On imagine, en tout cas, quelle qu’eût été la réaction si le titre avait été: « Communautés juives: gare aux sectes? » ou encore « Communautés musulmanes: gare aux sectes? ». Quand on connaît l’extrême prudence qui est requise dans la bien-pensance pour toute expression relative aux religions minoritaires en France, on s’étonne de la légèreté avec laquelle des amalgames peuvent être suggérées concernant le groupe religieux dominant.
Une étrange programmation
Le propos de l’émission était essentiellement consacré à la Communauté des Béatitudes, largement accusée, tout au long d’un documentaire, d’être une secte en bonne et due forme: elle aurait accumulé un patrimoine colossal, dépouillé ses membres, et se livrerait à des séances de guérison miraculeuse et, bien entendu, à toutes les formes de pédophilie.
Que la Chaîne Parlementaire s’intéresse à ce sujet n’éveillerait pas l’attention, s’il n’était présenté de façon tapageuse et provocatrice comme un sujet sur l’ensemble des communautés catholiques, alors qu’une seule d’entre elles était examinée. Qui plus est, on ne pouvait s’empêcher de s’interroger sur le documentaire diffusé à l’appui de cette charge en règle. Réalisé en 2011 par Sophie, sa projection 5 ans après sa réalisation ne pouvait qu’intriguer.
Une charge déguisée contre Barbarin?
Quel élément d’actualité justifiait cette diffusion si éloignée de la réalisation? L’émission ne l’expliquait pas et renvoyait le spectateur à son interrogation. Difficile de ne pas en conclure que les accusations de protection de la pédophilie proférées contre le cardinal Barbarin étaient le principal motif d’actualité pour déterrer cette enquête ancienne.
Et soudain on comprend que la chaîne parlementaire fait entendre sa petite voix pour laisser croire que l’institution religieuse dans son ensemble est une plaie participant à une vaste entreprise pédophilique. C’est la contribution du service public à une opération de déstabilisation d’un cardinal.

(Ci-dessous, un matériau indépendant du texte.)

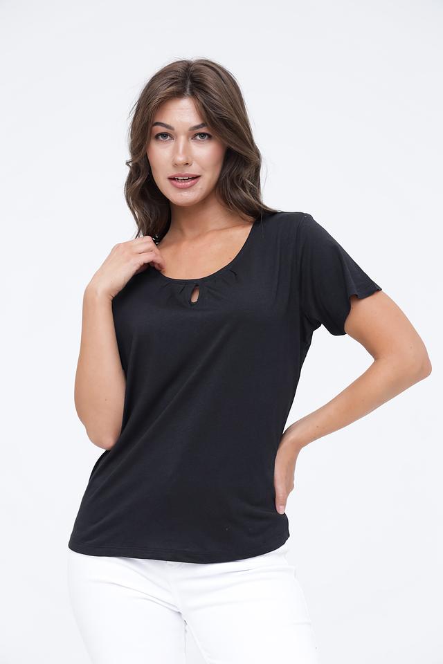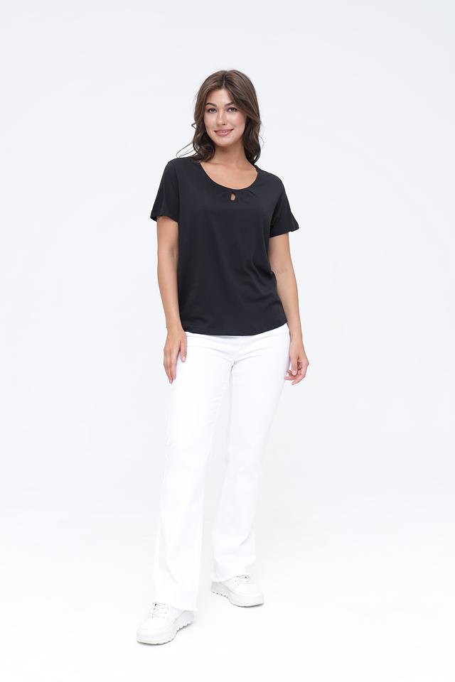 Благодаря своему лаконичному дизайну и универсальному цвету, эта футболка идеально подходит для создания как повседневных, так и более элегантных образов. Она станет отличным выбором для женщин, ценящих комфорт, стиль и качество.

Les circonstances du débat qui suit le documentaire renforcent ce sentiment. Aucun membre de la communauté attaquée n’est présent pour faire entendre sa voix. Cette curieuse conception du journalisme s’accommode en revanche d’une forte présence de détracteurs de l’Eglise: celle de la réalisatrice bien entendu (qui, elle, peut s’exprimer), mais aussi d’Eric Vinson, défenseur officiel de la laïcité, et de Georges Fenech, ancien président de la mission interministérielle de lutte contre les dérives sectaires (MIVILUDES), auteur d’un rapport à charge contre les Béatitudes.
Les « accusés » ne disposaient que d’un représentant: Antoine de Romanet, curé à Auteuil qui n’avait aucune connaissance particulière du dossier.
Le déséquilibre du débat, là encore, étonne et suscite un malaise. Que cherchait la Chaîne en prenant autant de libertés avec la déontologie du journaliste?
Le rôle particulier des Lyonnais dans ce dossier
Georges Fenech, présent au débat, n’est pas seulement l’ancien président de la MIVILUDES, il est aussi député Les Républicains du Rhône, là où Barbarin est mis en cause. Cette coïncidence intrigue. Dans la thématique générale: l’Eglise de France couvre des faits délictueux, la partition que joue Fenech ce soir-là ressemble curieusement à un billard à plusieurs bandes.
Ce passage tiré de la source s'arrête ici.